Consequences: user access/rights
Means of attack: no proof of concept, no attack
Ability of attacker: expert (4/4)
Confidence: confirmed by the editor (5/5)
Diffusion of the vulnerable configuration: high (3/3)
Creation date: 13/08/2008
Microsoft Windows 2000 [confidential versions]
Microsoft Windows 2003 [confidential versions]
Microsoft Windows XP [confidential versions]
The ICM (Image Color Management) system uses ICC (International Color Consortium) information indicating how to adjust colors depending on the display or printing device.

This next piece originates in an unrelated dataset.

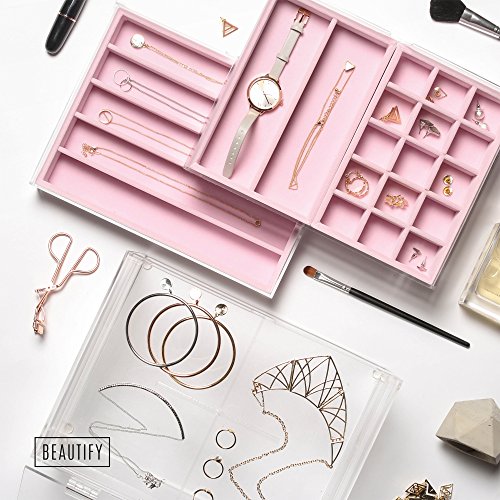 -. Title : Beautify Acrylic Jewelry & Cosmetic Organizer Box with 3 Storage Trays & Gray Suede Dividers - Clear

The MSCMS (Microsoft Color Management System) module uses ICC, and is implemented in the mscms.dll library.
However, a malformed EMF MetaFile creates an overflow in the InternalOpenColorProfile() function of mscms.dll.
As EMF image are automatically displayed by Internet Explorer, Outlook and Outlook Express, an attacker can create a web page or send an email in order to execute code on victim’s computer.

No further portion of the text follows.